Classifier based on straight line segments: an overview and theoretical improvements
Medina Rodríguez, Rosario Alejandra
Literature offers several supervised machine learning algorithms focused on binary classification for solving daily problems. Compared to well-known conventional classifiers, the Straight-line Segment Classifier (SLS Classifier) stands out for its low complexity and competitiveness. It takes advantage of some good characteristics of Learning Vector Quantization and Nearest Feature Line. In addition, it has lower computational complexity than Support Vector Machines. The SLS binary classifier is based on distances between a set of points and two sets of straight line segments. Therefore, it involves finding the optimal placement of straight line segment extremities to achieve the minimum mean square error. In previous works, we explored three different evolutive algorithms as optimization methods to increase the possibilities of finding a global optimum generating different solutions as the initial population. Additionally, we proposed a new way of estimating the number of straight line segments by applying an unsupervised clustering method. However, some interesting questions remained to be further analyzed, such as a detailed analysis of the parameters and base definitions of the optimization algorithm. Furthermore, it was straightforward that the straight-line segment lengths can grow significantly during the training phase, negatively impacting the classification rate.

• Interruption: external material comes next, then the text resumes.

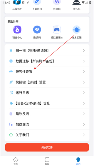 2、在個人頁面找到兼容性設(shè)置選項,點擊進(jìn)入兼容性設(shè)置頁面。

Therefore, the main goal of this thesis is to outline the SLS Classifier baseline and propose some theoretical improvements, such as (i) Formulating an optimization approach to provide optimal final positions for the straight line segments; (ii) Proposing a model selection approach for the SLS Classifier; and, (iii) Determining the SLS Classifier performance when applied on real problems (10 artificial and 8 UCI public datasets). The proposed methodology showed promising results compared to the original SLS Classifier version and other classifiers. Moreover, this classifier can be used in research and industry for decisionmaking problems due to the straightforward interpretation and classification rates.